QUOTE: “It’s very clear that the actions taken in China have almost brought to an end their first wave of infections,” Professor Benjamin Cowling, an infectious disease expert at Hong Kong University, quoted in the New York Times.“The question is what will happen if there’s a second wave (…) because the kind of measures that China has implemented are not necessarily sustainable in the long term.”

FINANCE AND ECONOMICS:

  • Asian and European stocks settled following a sell-off on Wall Street that came in spite of the Fed’s surprise interest-rate cut, the Financial Times said. Central banks took action in an attempt to staunch some of the worst economic impacts of the virus.
  • The risk of recession has increased enough to “warrant a Federal Reserve shock-and-awe approach,” The Wall Street Journal quoted Tiffany Wilding, an economist at Pacific Investment Management Co., as saying.
  • The World Bank has pledged $12 billion in aid to help developing countries cope with the spread of the virus, BBC News said.
  • “As the virus spreads beyond Asia, the oil market will continue to suffer losses, but the question remains: how deep and for how long?” asks the Atlantic Council’s Reed Blakemore. “[T]he speed of the coronavirus’ spread makes it increasingly likely that this downturn might be a longer trough than currently expected.”
  • Eight charts show the wide-ranging economic impact of the virus – from consumer spending including on cars and mobile phones, growth forecasts and markets, pollution and air travel, as well as the appetite for gold.

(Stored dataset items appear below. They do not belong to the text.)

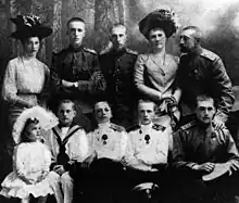 Princess Vera was eight years old when Archduke Franz Ferdinand of Austria was assassinated and World War I broke out, in the summer of 1914. Vera was with her parents and her brother George in Germany visiting her maternal relatives in Altenburg at the start of the war. The conflict took them by surprise, trapping them in Germany, an enemy country. It was thanks to the intervention of the German Empress, Augusta Viktoria of Schleswig-Holstein that they were allowed to return to Russia.[3] Vera's older siblings joined the Russian army in the military effort, and her favorite brother Oleg was killed in action. She was considered too young and was not allowed to attend her brother's funeral. Her brother's death was just the first of many family misfortunes.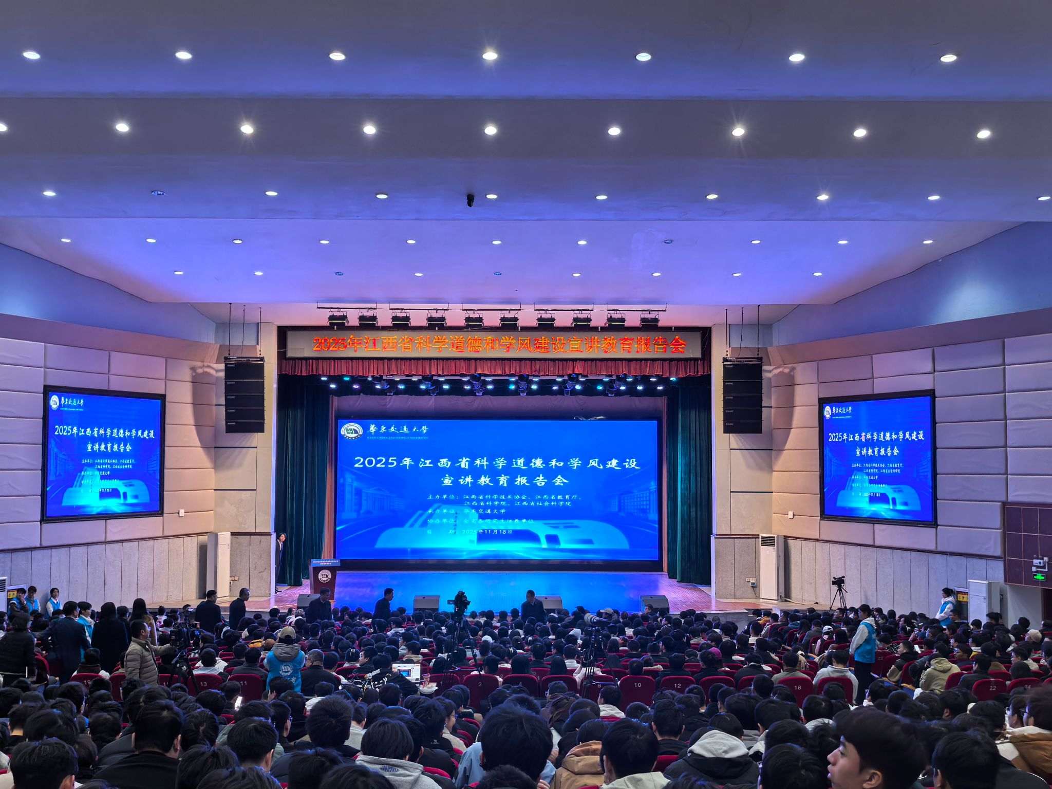 11月18日,2025年江西省科学道德和学风建设宣讲教育报告会在华东交通大学举行。省科协党组成员、副主席章新建,华东交通大学党委委员、副校长肖乾出席并致辞。江西省教育厅二级巡视员雷杰华,江西省科学院党组成员、副院长范敏出席报告会。本次活动由省科协、省教育厅、省科学院、省社科院联合主办,华东交通大学承办,全省各研究生培养单位协办,全省各研究生培养单位研究生院负责人以及研究生代表1200余人在主会场参加报告会,全省各研究生培养单位设立分会场通过线上平台收看。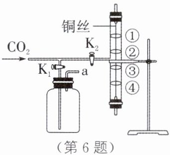 6.(2024·内江期末)如图所示为探究二氧化碳性质实验的装置,气体从最左端玻璃管口进入,其中右边铜丝上的①④是用紫色石蕊溶液浸湿的棉球,②③是浸过紫色石蕊溶液后干燥的棉球。下列说法中,错误的是 ( )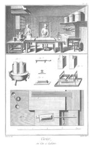 Ces recettes de cire à cacheter sont tirées de l’encyclopédie de DIDEROT (pages 3 :473 et 3 :474).

QUOTE: “They’re young,” NPR cites Anna Yeung-Cheung, a microbiologist at Manhattanville College in New York, as saying of many health workers in China. Yeung-Cheng, originally from Hong Kong, says many doctors there died during the SARS coronavirus outbreak in 2002 to 2003. “But we need to take into account the stress that they are undergoing. This is stress to their body.”

BUSINESS AND TRAVEL

  • The European Central Bank restricted all non-essential travel until April 20 and suspended conferences, except for monetary policy press conferences.
  • Google and Microsoft will offer free access to their teleconferencing and collaborative work tools for a limited time to help people to work remotely, The Verge reported.
  • Google has cancelled a developer conference that was set to be held in May in Mountain View, TechCrunch reported.

QUOTE: “Growing numbers of companies [in the Euro area] are reporting lost business due to the virus spread, notably in sectors such as hotels, travel, transport and tourism but also even in areas such as financial services.” Chris Williamson, an economist at IHS Markit, cited by Bloomberg.